Lyle Haugen:                   If you don’t check the map and correlate, “Oh, am I there now? Okay, now we’ve got to go here,” you know?

Dr. Weitz:                        Right.

Lyle Haugen:                   You got to plan this stuff out a little bit. Getting on with our, we talked a little bit about the diet, this is number two, if you want to move on to that. The third thing now is-

Dr. Weitz:                        I do want to get more into the diet.

Lyle Haugen:                   The diet? Okay.

Dr. Weitz:                        Yeah.

Lyle Haugen:                   Good.

Dr. Weitz:                        Let’s go ahead and continue. The third thing is what, exercise?

Lyle Haugen:                   Exercise, and it doesn’t have to be crazy. It’s just got to be consistent. 

Dr. Weitz:                        Right, the same amount, and intensity, and do it every single day?

Lyle Haugen:                   Yeah, every single day. You can change up the intensity a little bit. I mean, there’s a little bit of a burst. All I’m talking about is walking and then hit a hill.  30 minutes seems to be a good number, because you’re not going too far with a diabetic. If you look at it this way, and I look at it from my petrochemical background and engineering background, your blood sugar level, between low and high, is a tank.  That’s your tank amount. That’s your reserves. Then, beyond that is your level and your muscles, and all that kind of stuff, but when you’re on insulin, and especially if you’re on short-acting insulin too much, that tank disappears like that if you’re not managing it right. That’s why I love doing a long-acting basal. I just take one shot a day, Dr Weitz. Just one.

Dr. Weitz:                         That’s great.

Lyle Haugen:                    Some of my clients, they like two. I have them on a split Lantus, that allows them to change it up a little bit, but they love the same thing too.  Getting into the food now, I’ve developed a couple of recipes that…

Dr. Weitz:                         Hang on a second. On the exercise, let me just poke you a little more on that. What if they wanted to do an hour of exercise, would that be more beneficial?

Lyle Haugen:                    Absolutely. We could get into…

Dr. Weitz:                         If they do some…

Lyle Haugen:                    Anything that’s muscle resistant.

Dr. Weitz:                        Right. Isn’t it an advantage to working the different muscles in the body since they all utilize glucose?

Lyle Haugen:                   Well, they do. What you’re also going to do is you’re going to up-regulate your GLUT4 receptors. The challenge with that is, if you do it inconsistently, then you suffer from rollercoastering because, all of a sudden you up-regulate your GLUT4s, and you’re taking too much insulin.  If you do it consistently, you can finally back off on your insulin to a point where it’s going to start to match, but then once you quit doing that, then you have to up-regulate your insulin because as you lose your receptors, you don’t uptake the glucose as easy. Great question.

Dr. Weitz:                        You think it is an advantage to do a longer exercise session and, potentially, adding resistance training with, say, the walking, as long as you do approximately the same amount every single day?

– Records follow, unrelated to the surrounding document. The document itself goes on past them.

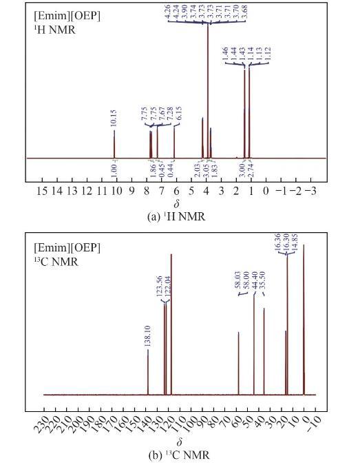 图1 1-乙基-3-甲基咪唑亚磷酸甲酯盐的核磁共振氢谱图和碳谱图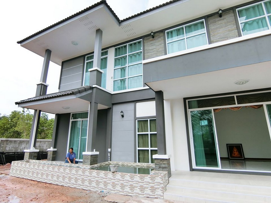 สำหรับบ้านหลังนี้เป็นบ้านขนาดชั้นเดียว ตัวบ้านถูกออกแบบในสไตล์แบบคอนเทมโพรารีที่สวยงาม มีรายละเอียดการตกแต่งที่ละเอียด หลังคาของบ้านเป้นแบบปั้นหยามุงด้วยกระเบื้องลอนสีเข้ม การตกแต่งภายนอกมีโทนสีเทายืนพื้น แซมด้วยสีครีมที่เข้ากัน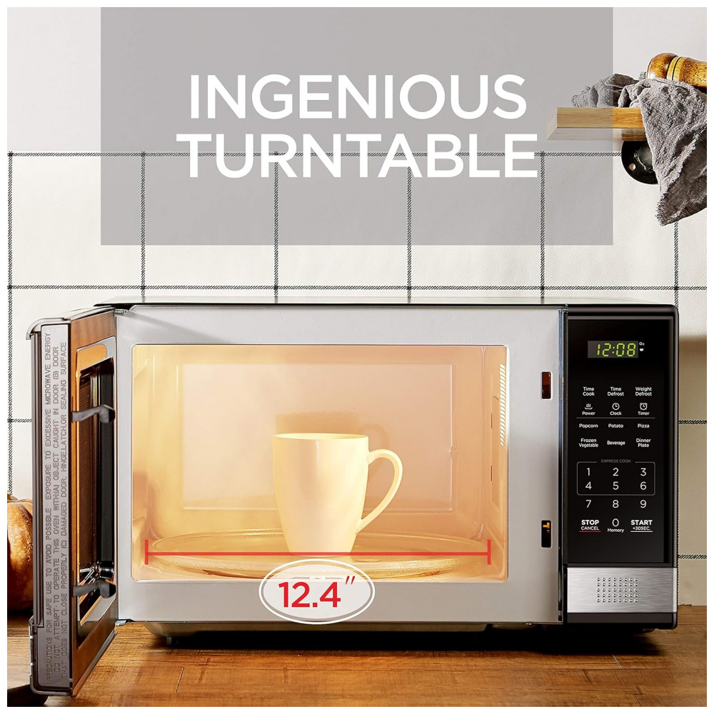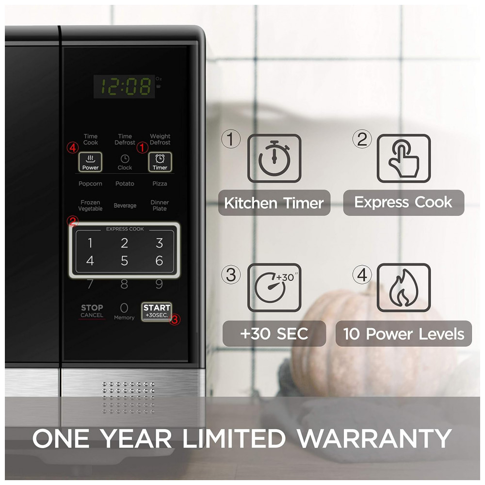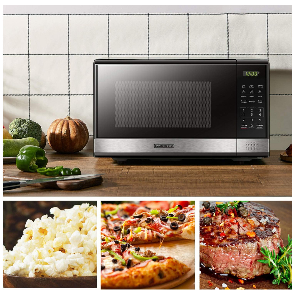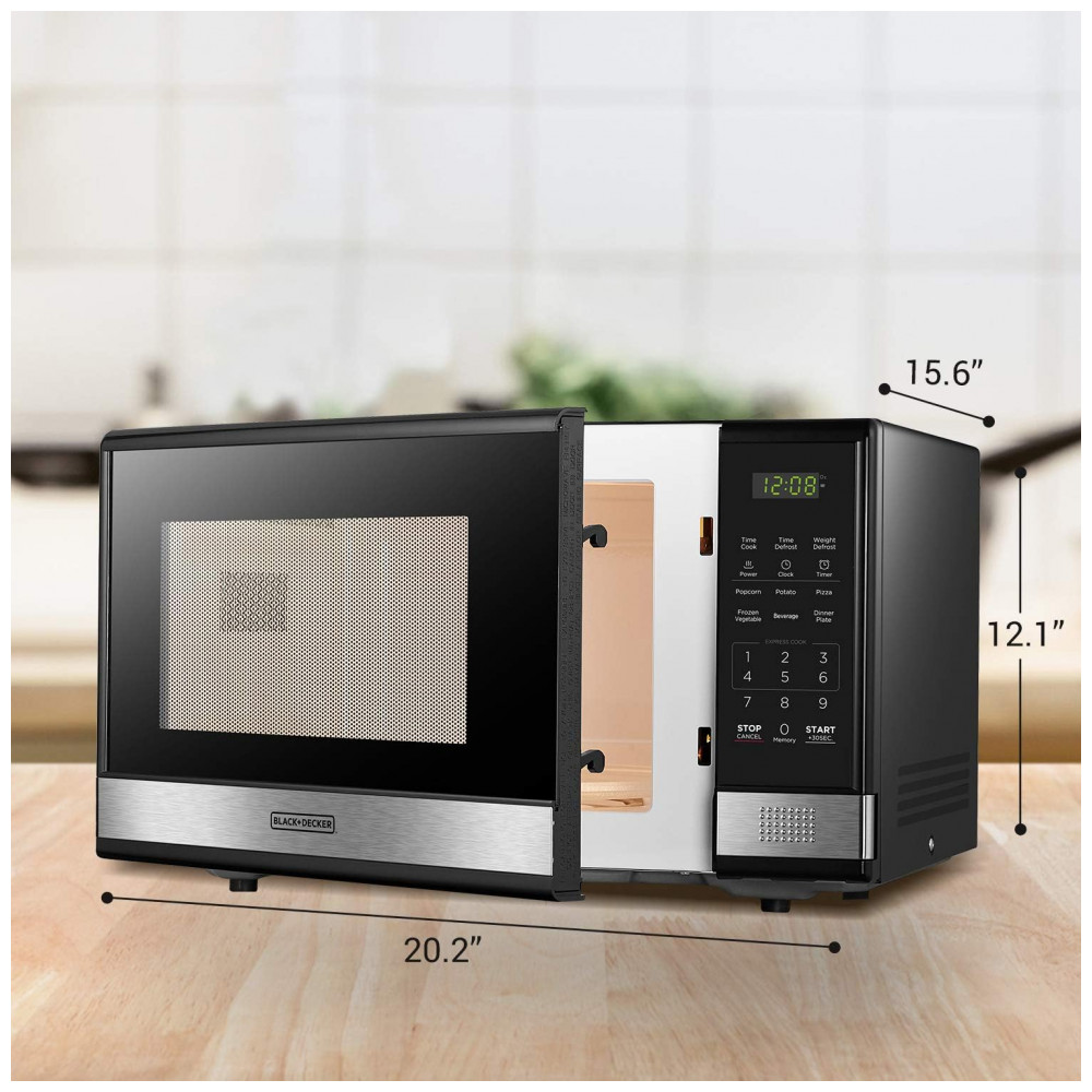 Aprimore sua cozinha com o micro-ondas profissional BLACK+DECKER de aço inoxidável preto de 31 litros e 1000 watts. Com 10 níveis de potência, prato giratório de vidro removível e amplo interior, este micro-ondas proporciona aquecimento e descongelamento uniformes para resultados excelentes. Cozinhe ou reaqueça seis alimentos populares com o toque de um botão. Escolha entre níveis de potência de até 1000 watts. O display digital de LED grande conta com função de relógio e timer regressivo, além de mostrar o tempo restante de cozimento. Com trava de segurança para crianças, luz interna, função de timer de cozinha, este micro-ondas de bancada de 1000 watts possui interface fácil de usar. Pré-programado para pipoca, batata, pizza, vegetais congelados, bebidas e prato de jantar. Frequência de 60 Hz, potência de 1000 watts com 10 configurações de potência, timer de cozinha, cozimento expresso de 30 segundos, potência de entrada de 1600W. Design elegante com porta de aço inoxidável preto. Dimensões de 52,8cm x 41,9cm x 30,7cm.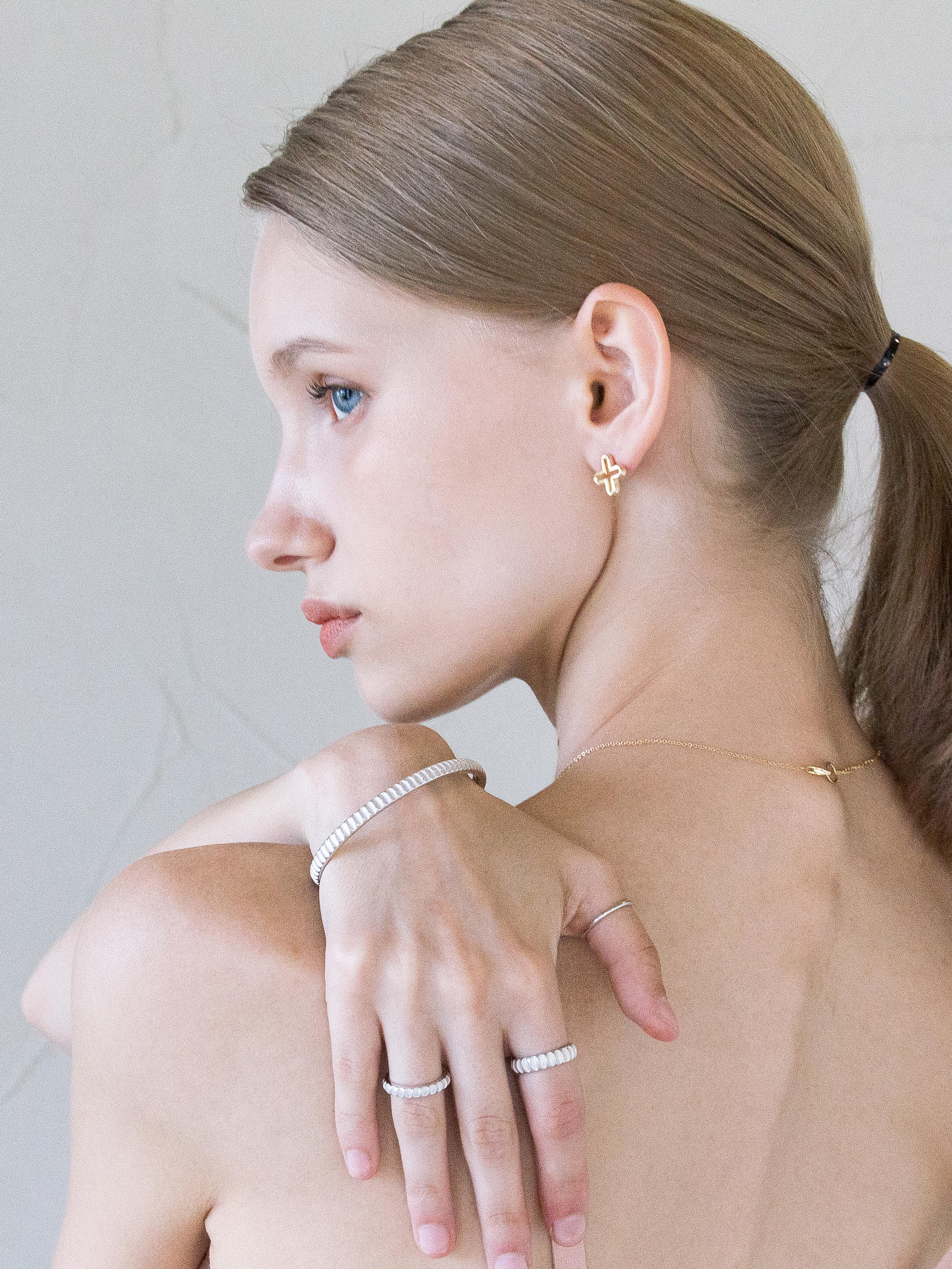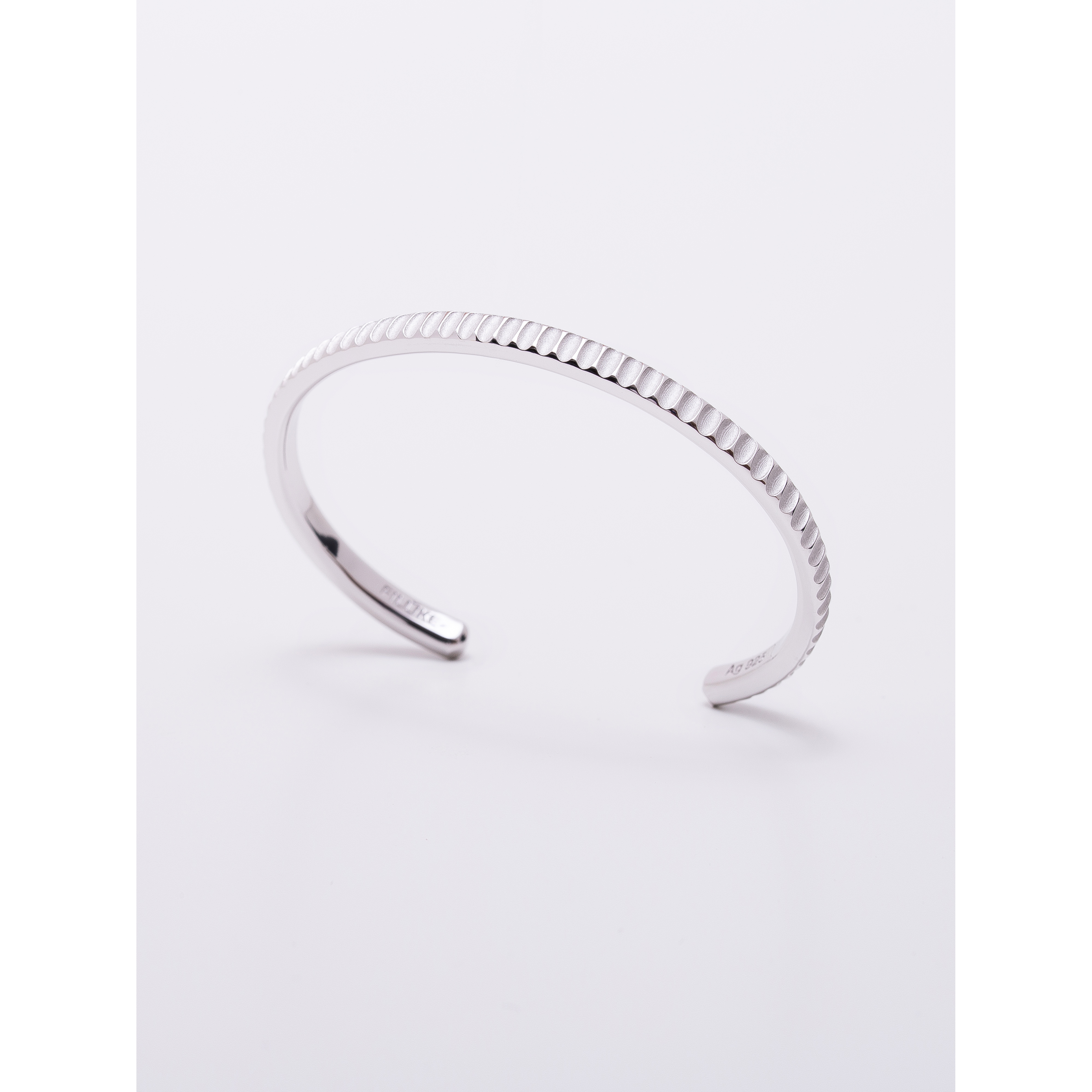 . 도금 없음 : 표면을 도금하지 않은 은 소재 그대로의 high-polishing 마감입니다. 금속은 도금하지 않고 세공한 그대로의 광택이 가장 은은하고 아름답습니다. 다만 화이트 마감하지 않은 925 은 소재의 제품은 상대적으로 변색에 취약하며, 사용자의 관리가 요구될 수 있습니다.

Lyle Haugen:                   For example, myself, I really target on everyday walking 30 minutes and then, addition to that, I play pickle ball. I do that about three times a week, and I typically play an hour and a half to two hours doing that. I’ve rarely have come out of that with having to deal with the blood sugar. That’s the beauty of it. Before, this is something that maybe a lot of type 1s won’t… They’re scared to exercise and I know.

Dr. Weitz:                        Because they’re worried that their blood sugar will get too low.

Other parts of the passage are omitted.